Значительных результатов в своей государственной деятельности Гёте достичь не мог. Наибольших успехов он добился в реорганизации военного дела. Еще в 1778 году герцог увеличил численность армии до 500 человек, провозгласил себя главнокомандующим и регулярно проводил военные учения. Когда в начале 1780-х годов герцогство оказалось на грани банкротства, именно Гёте настоял на резком сокращении армии, численность которой была доведена до 136 человек. Государственная казна была спасена, но герцог лишился любимой забавы и все свое внимание направил теперь на внешнюю политику, где с присущей ему энергией взялся за создание Княжеского союза срединных государств. Гёте, который в 1779 году тоже еще был увлечен этой идеей, постепенно утратил к ней интерес, по мере того как главенствующее положение в ней стала занимать Пруссия, намеревавшаяся использовать союз в противостоянии с Веной. Свою любовь к военному делу герцог отныне мог проявить на службе у прусского короля, где он получил звание генерал-майора и право командовать прусскими войсками. В 1787 году он находился с дипломатической миссией в Бельгии и Голландии, где местные жители, как во времена Эгмонта, восстали против Габсбургов. Произошло это как раз в тот момент, когда Гёте дописывал своего «Эгмонта» в далекой Италии. В гётевской версии Эгмонт способен воспламенять женские, но не солдатские сердца. Поэтому герцог, который в остальном не скрывал своей страсти к женщинам (во время короткой поездки в Голландию он успел подхватить гонорею), остался недоволен драмой. В Эгмонте ему хотелось видеть бравого вояку.

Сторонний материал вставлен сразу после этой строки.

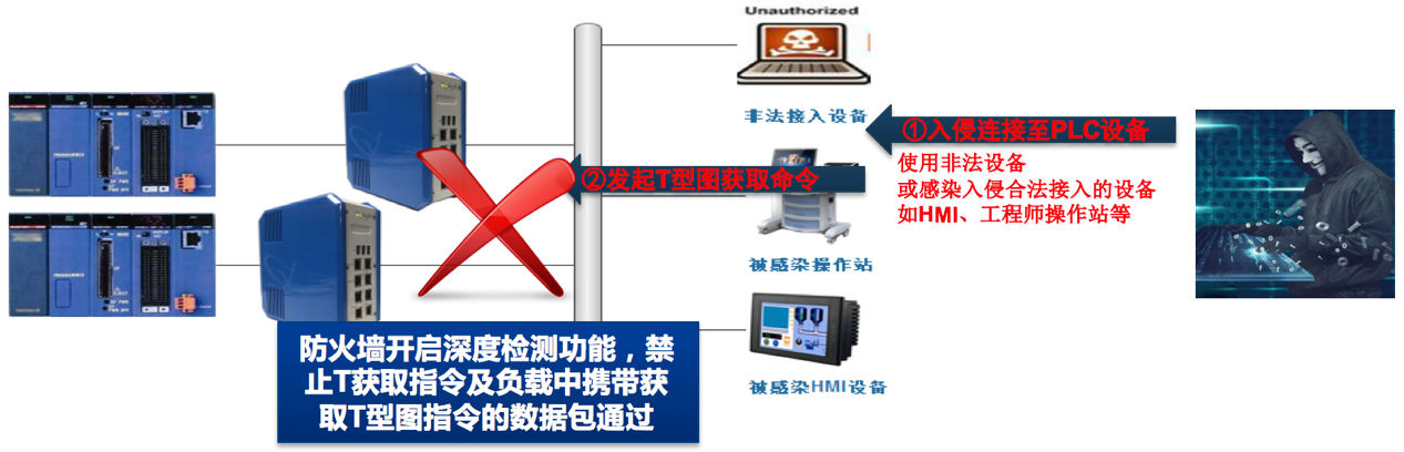 该工业防火墙可开启深度检测功能,禁止T型图获取指令及负载中携带获取T型图指令的数据包通过,因此,该工控防火墙适合工控生产环境,提供协议级、指令级安全过滤能力,如下图所示:

Если в вопросе сокращения веймарской армии Гёте удалось достичь определенных успехов, то остальные его замыслы во многом так и остались нереализованными. Веймар, негласно признанный культурной столицей германских земель, с точки зрения транспортной доступности по-прежнему оставался «мертвой зоной». Гёте хотел изменить эту ситуацию. По его указанию начались строительные работы по улучшению дорог, соединяющих Эрфурт с Веймаром и Йеной, а также было запланировано строительство нового участка дороги между Веймаром и Наумбургом. Задумки были грандиозные: согласно плану, новые трассы должны были укладываться в несколько слоев и соответствовать английским стандартам. Однако фактически строительство продвигалось крайне медленно. К моменту отъезда Гёте в Италию строительные работы велись уже четыре года, но еще ничего не было готово, зато перерасход бюджета оказался таким огромным, что о дальнейшем строительстве не могло быть и речи, и Гёте, как председатель Дорожно-строительной комиссии, был вынужден объявить о ее банкротстве.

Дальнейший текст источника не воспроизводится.